Top 10 Database Vulnerabilities and MisconfigurationsTeam Shatter Exclusive

TeamSHATTER (Security Heuristics of Application Testing Technology for Enterprise Research) has researched the Top 10 Database Vulnerabilities in order to provide you with the most up-to-date vulnerabilities, risk and remediation information.

Each category has a post explaining the topic and providing you with best practices for remediating the following issues. Please leave us a comment if you have any questions about these vulnerabilities or run a search with the Threat Finder to learn more about your vulnerabilities.

  1. Default, Blank & Weak Username/Password
  2. SQL Injections in the DBMS
  3. Excessive User & Group Privilege
  4. Unnecessary Enabled Database Features
  5. Broken Configuration Management
  6. Buffer Overflows
  7. Privilege Escalation
  8. Denial of Service Attack DoS
  9. Unpatched Databases
  10. Unencrypted sensitive data – at rest and in motion


  1. posted on 06 July 2011

    Application owners are not willing to apply database patches unless it has been tested with their applications. This could take 6 months or even a year.

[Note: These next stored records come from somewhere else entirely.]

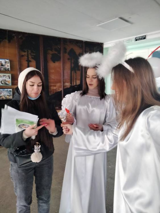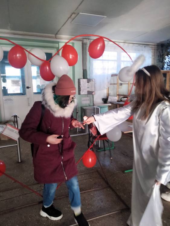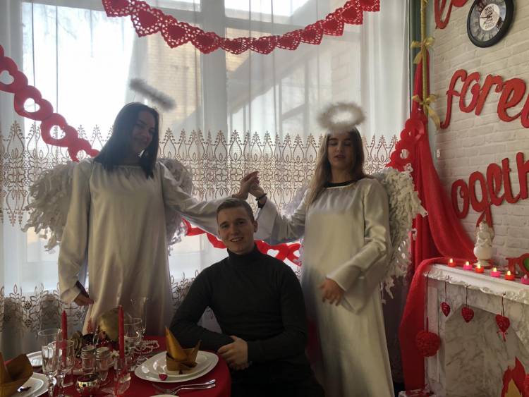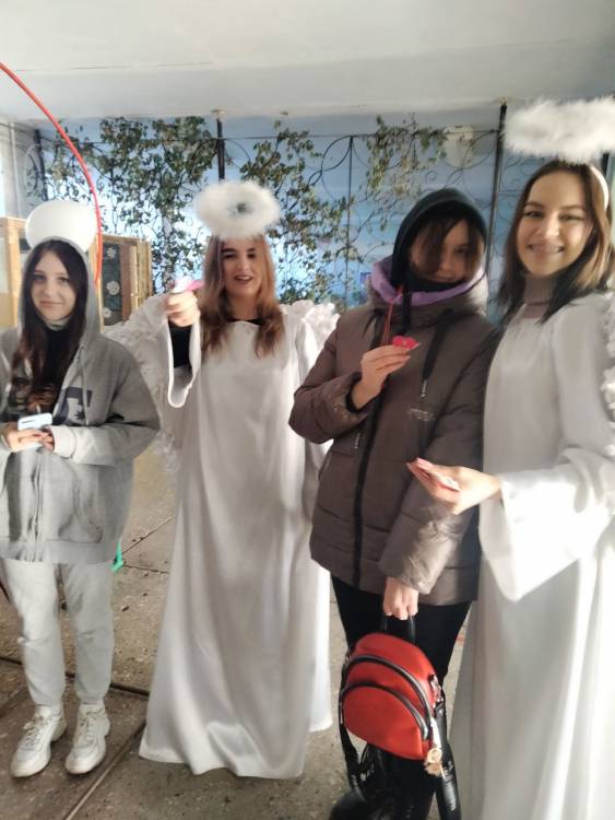 З самого ранку всіх викладачів та студентів зустрічали два янголи з валентинками – передбаченнями. На вході стояло символічне, чарівне серце, пройшовши крізь яке, кожен забував про буденні клопоти та «синдром понеділка». Весела музика лунала в фойє освітнього закладу і якби не дзвоник на першу пару, всі залишилися б на своїх місцях, радісно вітаючи один одного і ділячись враженнями від передбачень помічників святого Валентина – янголів.
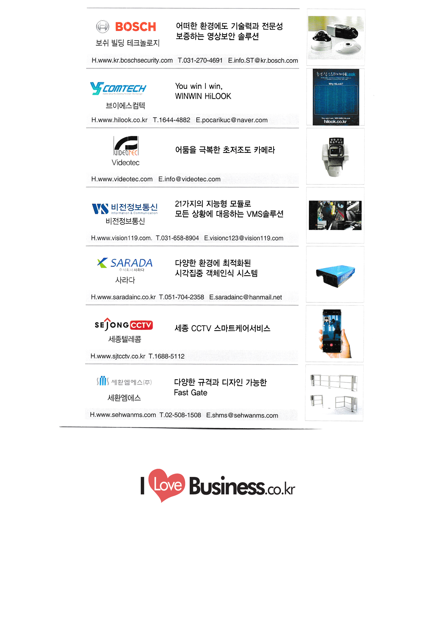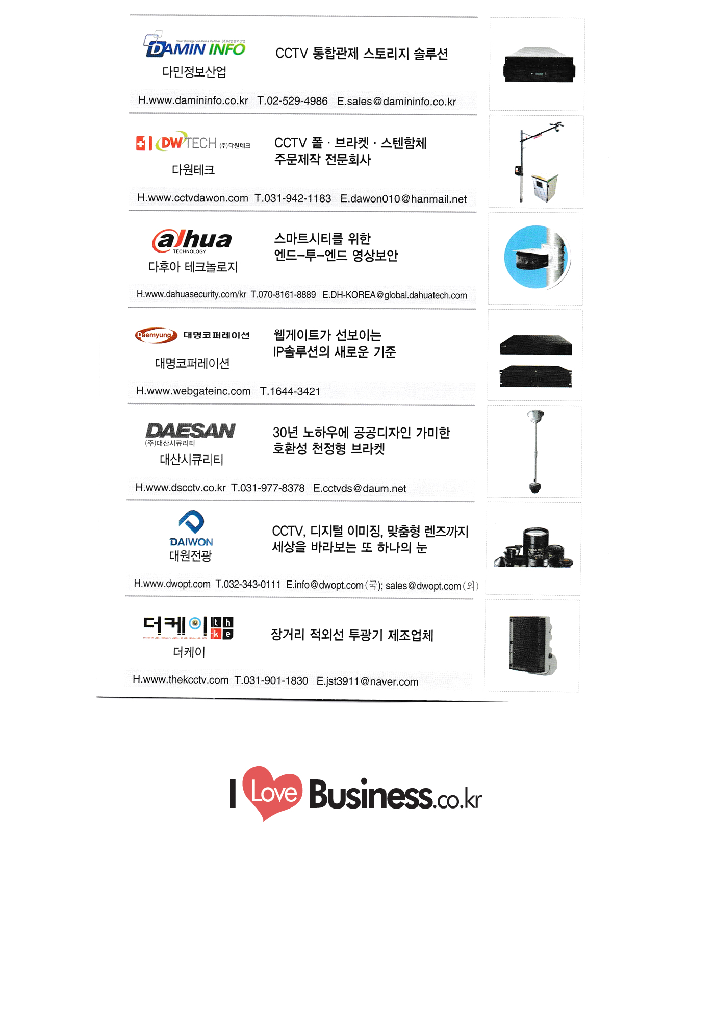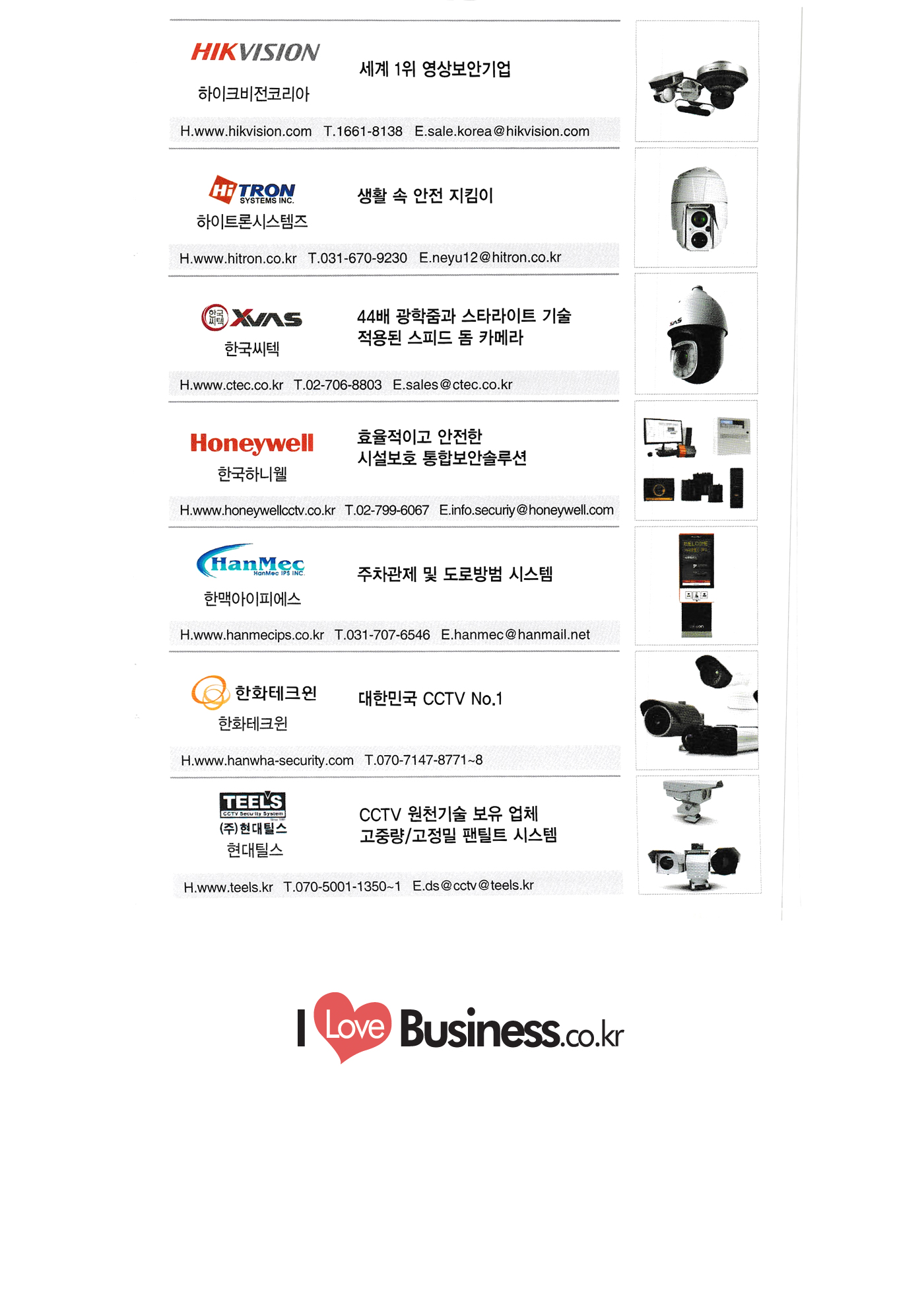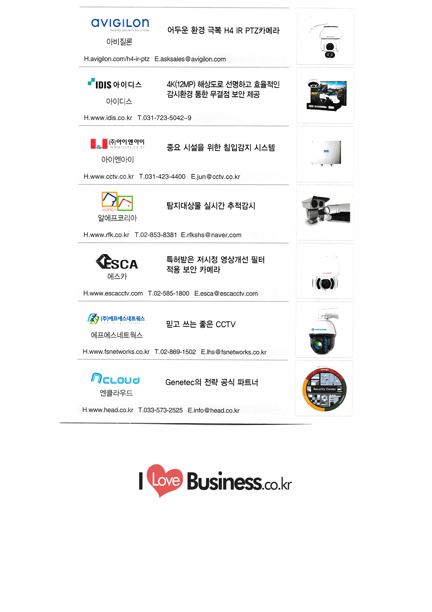 [List of companies related to the security industry] Gyeongin CNS Kunebo Korea glonex Global Bridge Goldstar Security naise neckflow Damin Information Industry Dawon Tech Dahua Technology Daemyung Corporation Daesan Security Daewon Electric Power The K Dongyang Unitech Doureoptronics Doohyun dk solution live zone future signal Best Digital Bosch Building Technology VS Comtech videotek Vision Information and Communication salad Sejong Telecom Sehwan MS Sellings System super rock Suprema Systech Electronics Seagate Korea Sea Eyes CMI Tech Abigillon IDIS I.N.I RF Korea Escar FS Networks ncloud Entos Information & Communication Elim Optical Communication lg innotek Optex Korea Optians Wonwoo ENG Western Digital Union Community ubitron Eugene Systems Korea Inodep Ire Industry EM Table Ewha Global Ewhatron Indus Vision Insight Technology incis incon Ilsan Precision JWC GS Engineering GY Networks ZTteco Jinmyung I&C Changwoo Katis KJ Tech Katy & C KPN commax Kolon Benit Kudo Communication tech sphere Truenne TSI solution TJ One Panasonic Korea Five GT pelco focus Hi-Entech Hikvision Korea Hitron Systems Hangoo Ctech Honeywell Korea Hanmac IPS Hanwha Techwin Hyundai Steels Hyein S&S White Box Robotics Fine box Hugen |
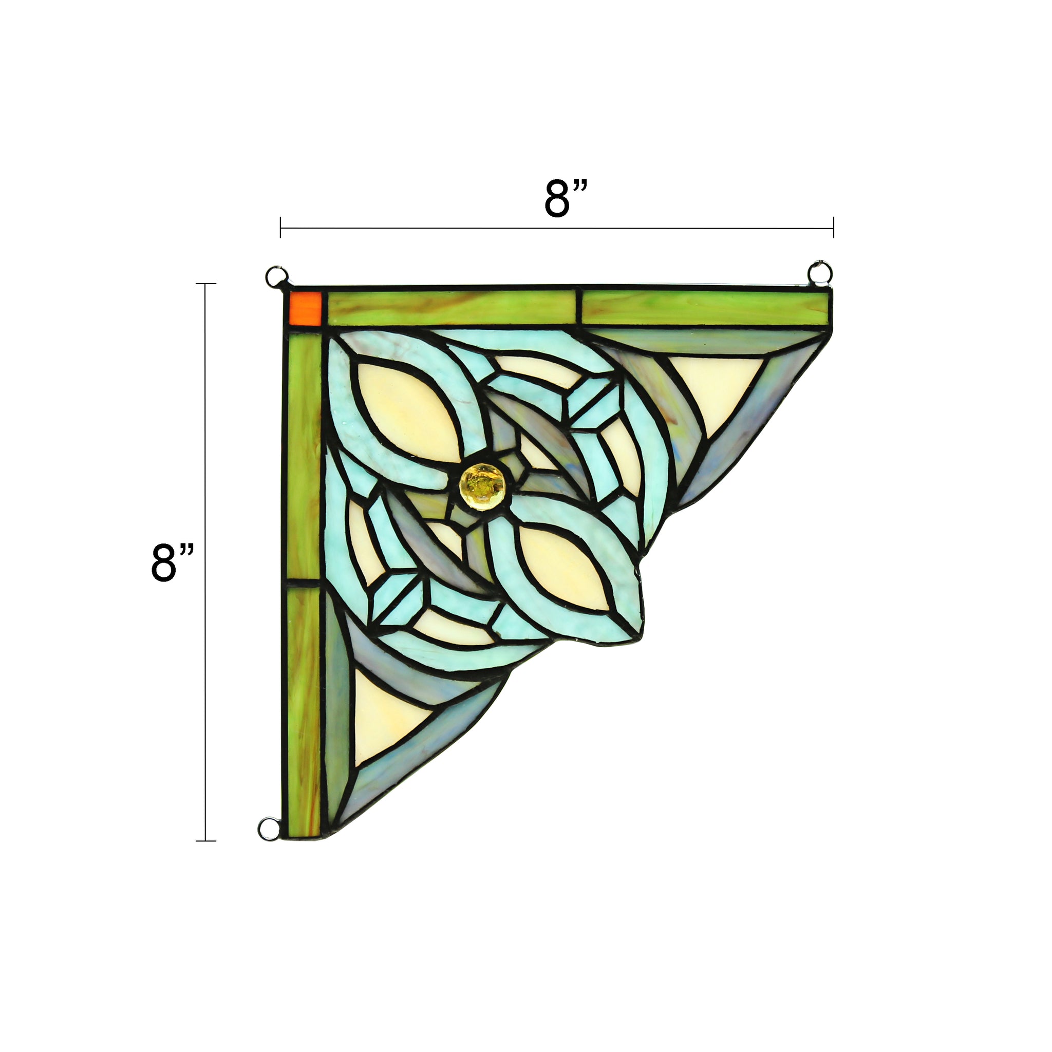This Victorian style stained glass window panel features an old-fashioned take with will compliment your home. Handcrafted from over 45 pieces of art glass and 1 glass bead. Main colors are green and yellow. Handcrafted using the same techniques that were developed by Louis Comfort Tiffany in the early 1900s, this beautiful Tiffany-style piece contains hand-cut pieces of stained glass, each wrapped in fine copper foil and soldered using high heat. Dry listed and recommended indoor use only. Thank you for choosing Radiance Goods, proudly serving you from the US!
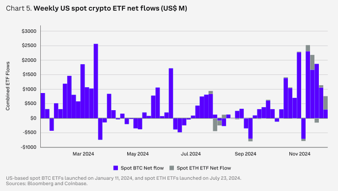 与此同时,美国在2024年就已奠定了更加清晰的监管基础,远早于11月的大选。这为2025年取得更大进步奠定了基础,有可能巩固数字资产在主流金融中的地位。
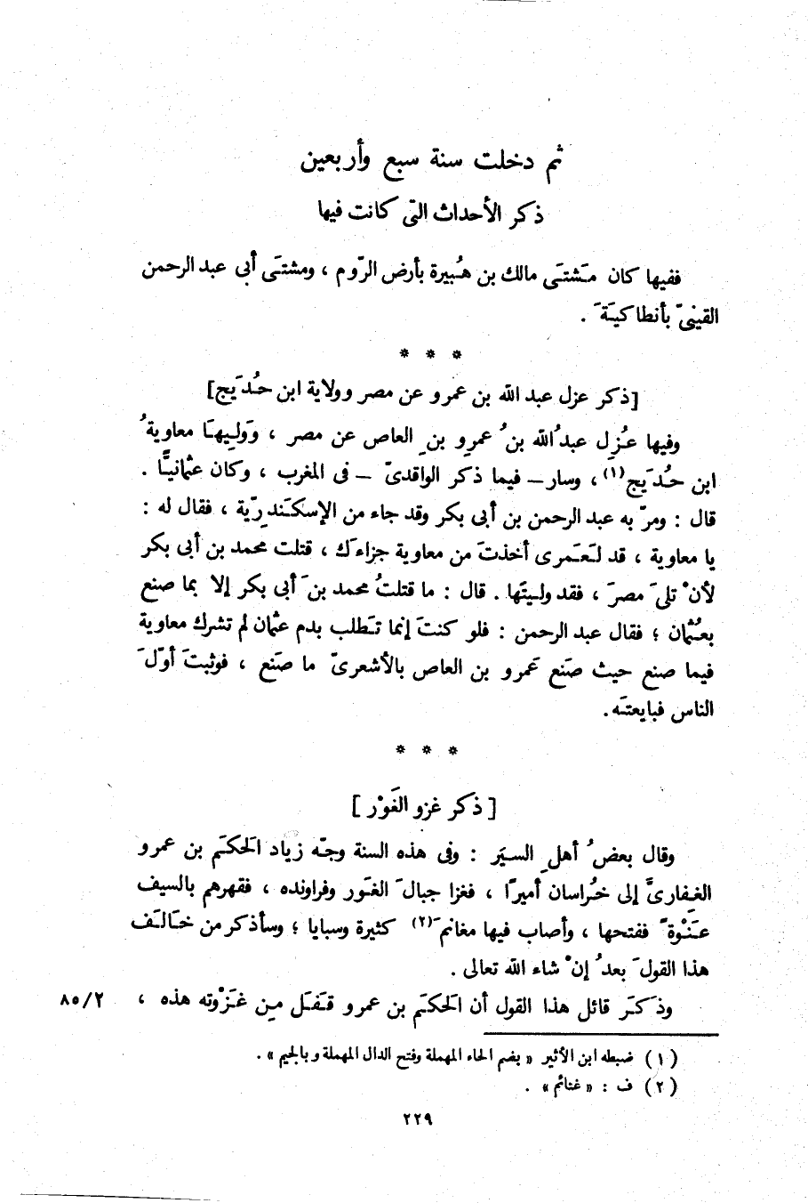 وفيها عزل عَبْدِ اللَّهِ بْنِ عَمْرِو بْنِ الْعَاصِ عَنْ مصر، ووليها معاويه ابن حديج، وسار- فِيمَا ذكر الْوَاقِدِيّ- فِي المغرب، وَكَانَ عثمانيا.
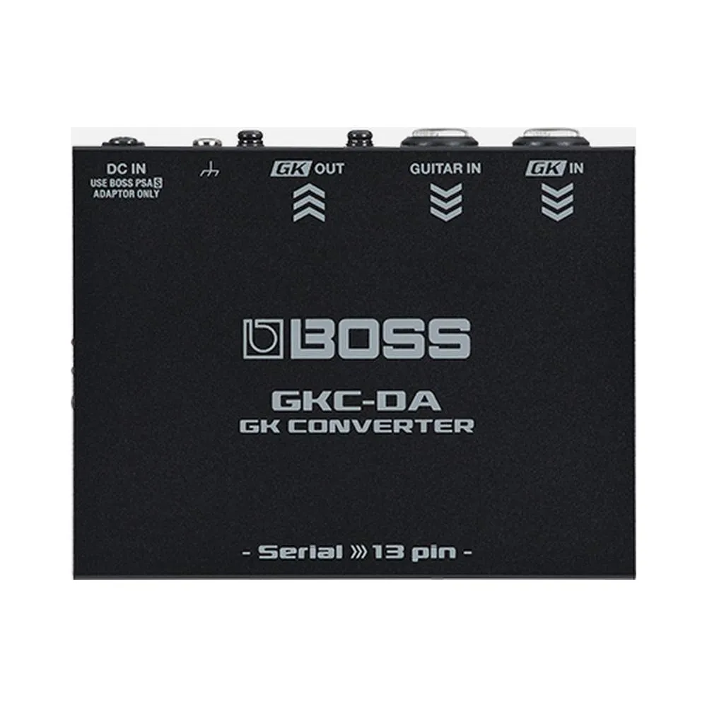 The latest BOSS guitar synthesizer products feature the Serial GK digital interface, a newly developed connection method that delivers evolved performance over the analog 13-pin GK interface used in earlier BOSS and Roland guitar synth and modeling products. The GKC-DA GK Converter allows you to drive a 13-pin GK device such as the BOSS SY-1000 or GP-10 using the Serial GK output on a GK-5 or GK-5B Divided Pickup or the GM-800 Guitar Synthesizer.

    What do we do in the mean time.

    Thank you.


  2. Andrew C. Herlands, CISSP, Director of Security Strategy, Application Security, Inc.
    posted on 11 July 2011


    I agree with your assessment.

    For most organizations, applying a database patch can be a long and drawn-out process (if it ever happens at all). The reasons are as diverse as the companies affected:
    • Patches tend to break things, requiring a long and sometimes costly acceptance testing process.
    • Patching databases requires skilled DBAs, resources that are often scarce and already overburdened.
    • DBAs often don’t have a good understanding of the security implications that a patch will remediate.
    • Due to the high cost of re-writing and testing software to ensure it is compatible with the latest patches, application vendors will just not support more recent patch releases.

    As the RDBMS vendors list the exact vulnerabilities that each patch fixes, every unpatched database (and the data inside them) are now vulnerable to these published exploits, many of which are listed as high risk.

    In light of this reality, various compensating controls are available to address these issues, of which I’ll mention a few below:

    Vulnerability Assessment: Scan your databases with an automated assessment tool that has an updated knowledgebase of the latest patch and vulnerability information. This will give you a good idea of which databases contain known vulnerabilities, which ones are missing patches, and how to fix them if you can’t apply a patch.

    User Rights Review: Many of your database users have accumulated excessive privileges over time. Excessive privileges, in conjunction with known vulnerabilities, is one recipe for the Insider Threat.

    Database Activity Monitoring: One of the most effective compensating controls for unpatched vulnerabilities is real-time database activity monitoring (DAM). Real-time DAM, in conjunction with an up-to-date knowledgebase, provides many benefits, including real-time threat assessment and alerting, privileged user monitoring, and is a great way to prove your organization has effective controls around it’s sensitive data.

    Virtual Patching/Blocking: Some DAM solutions also offer the option to selectively block specific types of database user activity, at the database. This feature provides organizations with two attractive compensating controls; Block privileged users from performing unauthorized actions in the database (I.e. Accessing sensitive data); and blocking users that attempt to leverage a known (patched or unpatched) vulnerability.

    At the end of the day, keeping up with the latest patches will only address a small part of your overall database compliance and security issues. Databases contain an organizations most valuable information, and are constantly being probed for weaknesses by people who want your data. No single layer of security is impregnable and no amount of patching will ever completely fix all your vulnerabilities, which is why security experts encourage organizations to take a “defense-in-depth” security approach. Find and fix your vulnerabilities, eliminate excessive database privileges, alert/block unauthorized, malicious, or suspicious activity, monitor your authorized users, and regularly review analytic reports. You’ll soon be on your way to a process of continuous compliance, and will have added a solid set of security layers around your databases.

    Andrew C. Herlands, CISSP, Director of Security Strategy, Application Security, Inc.

  3. Mobile App Developer India
    posted on 21 November 2012

    When I reported on database management issues, DBAs told me they were well aware of the common security issues that can lead to a data breach. But, they often said the DBMSs containing sensitive data typically are surrounded by a number of different security systems, reducing the threat of an attack.